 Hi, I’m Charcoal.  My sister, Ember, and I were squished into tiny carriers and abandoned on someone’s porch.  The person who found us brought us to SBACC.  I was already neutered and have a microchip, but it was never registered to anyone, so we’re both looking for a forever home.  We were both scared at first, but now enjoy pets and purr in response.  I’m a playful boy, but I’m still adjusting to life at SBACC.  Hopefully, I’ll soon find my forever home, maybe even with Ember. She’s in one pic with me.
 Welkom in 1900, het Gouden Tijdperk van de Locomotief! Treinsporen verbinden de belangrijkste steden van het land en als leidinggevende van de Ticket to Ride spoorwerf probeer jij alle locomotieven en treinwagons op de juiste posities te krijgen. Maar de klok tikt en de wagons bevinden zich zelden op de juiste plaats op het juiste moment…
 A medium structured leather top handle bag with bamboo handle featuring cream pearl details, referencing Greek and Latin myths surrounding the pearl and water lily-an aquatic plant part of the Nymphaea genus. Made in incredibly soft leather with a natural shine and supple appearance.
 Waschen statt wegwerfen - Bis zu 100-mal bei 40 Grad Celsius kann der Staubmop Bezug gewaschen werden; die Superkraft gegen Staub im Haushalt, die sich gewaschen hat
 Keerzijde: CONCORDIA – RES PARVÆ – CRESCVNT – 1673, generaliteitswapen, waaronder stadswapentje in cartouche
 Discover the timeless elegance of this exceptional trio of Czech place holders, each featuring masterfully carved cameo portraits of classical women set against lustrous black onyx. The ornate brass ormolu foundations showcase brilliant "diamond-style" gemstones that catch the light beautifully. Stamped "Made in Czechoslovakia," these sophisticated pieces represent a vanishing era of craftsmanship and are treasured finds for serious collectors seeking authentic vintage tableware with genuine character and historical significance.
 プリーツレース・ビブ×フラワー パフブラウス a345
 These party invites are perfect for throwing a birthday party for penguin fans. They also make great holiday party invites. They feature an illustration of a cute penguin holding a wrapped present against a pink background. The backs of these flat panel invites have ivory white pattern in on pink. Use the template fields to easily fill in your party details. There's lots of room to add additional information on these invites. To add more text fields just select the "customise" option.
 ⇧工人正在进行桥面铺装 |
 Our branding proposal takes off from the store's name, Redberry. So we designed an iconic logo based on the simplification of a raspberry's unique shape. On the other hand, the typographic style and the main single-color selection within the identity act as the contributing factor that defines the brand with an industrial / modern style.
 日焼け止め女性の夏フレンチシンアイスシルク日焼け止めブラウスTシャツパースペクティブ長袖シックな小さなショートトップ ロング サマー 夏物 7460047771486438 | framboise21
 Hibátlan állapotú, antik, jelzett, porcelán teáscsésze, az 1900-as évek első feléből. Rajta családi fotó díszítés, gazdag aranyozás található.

========

Print the lines of the entries, exactly, from the one containing "7460047771486438 | framboise21" down to the final line, and leave out all the others.

■ Answer section ■
 日焼け止め女性の夏フレンチシンアイスシルク日焼け止めブラウスTシャツパースペクティブ長袖シックな小さなショートトップ ロング サマー 夏物 7460047771486438 | framboise21
 Hibátlan állapotú, antik, jelzett, porcelán teáscsésze, az 1900-as évek első feléből. Rajta családi fotó díszítés, gazdag aranyozás található.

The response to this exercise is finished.